4D simulations and clash-detection help pre-empt issues during execution, the visualisation capability of which can be amplified further with AR/VR. Location-based information can layer over such simulations for detailed review at a micro-level.
Sensors across the industry can provide essential supply-chain information through automated updates, thereby making resource planning more reliable.
Production Control
Real-time information is key to establishing control over construction project delivery. This information can be provided live from sensors across your site; from your teams, equipment, and even locations. Your systems, capable of learning from this information, can then provide you with strategies for improvement!
Performance review becomes a step easier and more accurate, with real-time productivity information coming directly from the site. With the right IoT (Internet of things) platform, your teams will be able to harness all this information towards continuous improvement.
Reality capture has now pushed the boundaries of progress review – you can watch your site live from anywhere across the globe with robots, drones, or 360 cameras feeding in real-time photographic data to your systems. Hourly, daily, or weekly reviews make progress visualisation as realistic as visiting the site.
Facilities Management
Advanced technology is supporting project delivery across the life cycle. With BIM-enabled as-built modeling and asset tagging, facilities are now live with information being supplied through every system. Monitoring system operations can greatly help the facility management team, for instance reducing electricity and water consumption based on accurate occupancy data.
With systems well integrated within your facilities’ services, AR tools can help visualise plumbing behind walls, thereby making it much simpler for teams to conduct service routines. Asset information can help keep a check on when the next service is due, or when the asset needs to be replaced.
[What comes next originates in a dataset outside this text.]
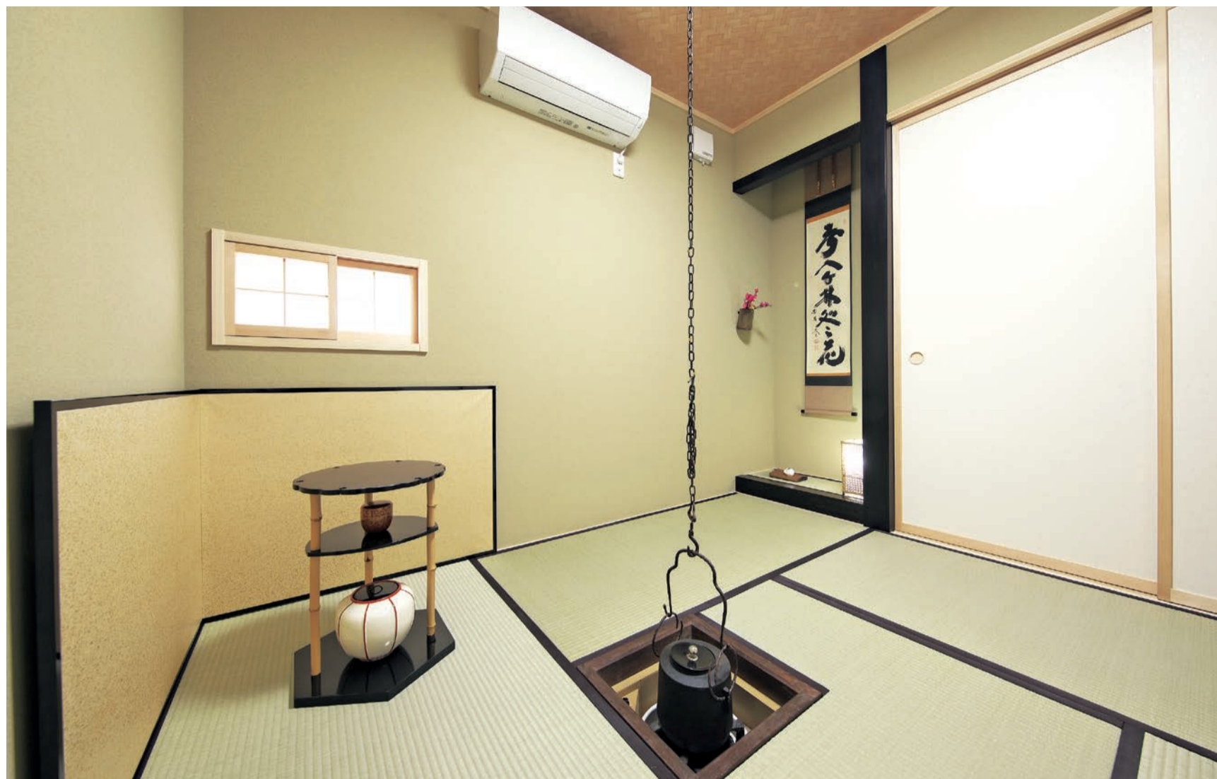
ご主人が愛用している2階の本格的な茶室。炉や掛け軸を飾る床の間も付いている

■ 建築面積 / 93.57㎡ (28.30坪) ■ 延床面積 / 170.58㎡ (51.60坪) ■ 建築工法 / 木造軸組工法 ■ 完成日 / 2019年11月

With clear requirements laid out during the design development stage, planning for facility management can be done at the right time, ensuring all the information can then be harnessed during operations and maintenance.
Off-site Construction
If we can take some of our construction off-site, and start “manufacturing” in controlled environments, we can boost productivity considerably, while also ensuring the highest of safety standards for our teams deployed.
This too is supported by digitalisation, wherein you can plan, monitor, and track the production remotely. With inherent benefits to manufacturing part of your construction off-site, advanced tools can immensely amplify the impact of such a workflow. RFID tags can help track your modules from manufacture to installation on-site. With accurate location mapping, the modules can be installed with precision and agility.
Digital Construction – The need-of-the-hour
Construction Projects are Complex
Construction is messy, chaotic, complex, and extremely unpredictable. Let us embrace the challenges one at a time and deploy appropriate solutions along with reviewing our workflows to better suit our projects, teams, and deliver valuable projects as an industry.
From drones and robots, to simply photos clicked from a mobile phone, there is immense scope of digitalisation across the construction industry today. However, it is important to understand first what is appropriate for you. It is essential to begin somewhere and to take the right first steps which will enable a wider acceptance amongst your teams.
Start with a review of your existing processes, understand your team and their requirements, address the pain points, and take the first steps. But start, start today.
Just Digital?
Did the terms flow, waste, value, and continuous improvement mentioned earlier, sound familiar? Well, digitalisation alone is not the solution here. In times where acclimatisation to the “new normal” itself is a big challenge, exploring new opportunities always takes a backseat, and changing behaviour and mindsets often become a bigger roadblock.
This is where, Lean processes can help enable this transition based on the right alignment of tools and practices deployed, along with the cultural setting of your teams. A top-down approach to the deployment of solutions is hardly ever successful in penetrating the organisation.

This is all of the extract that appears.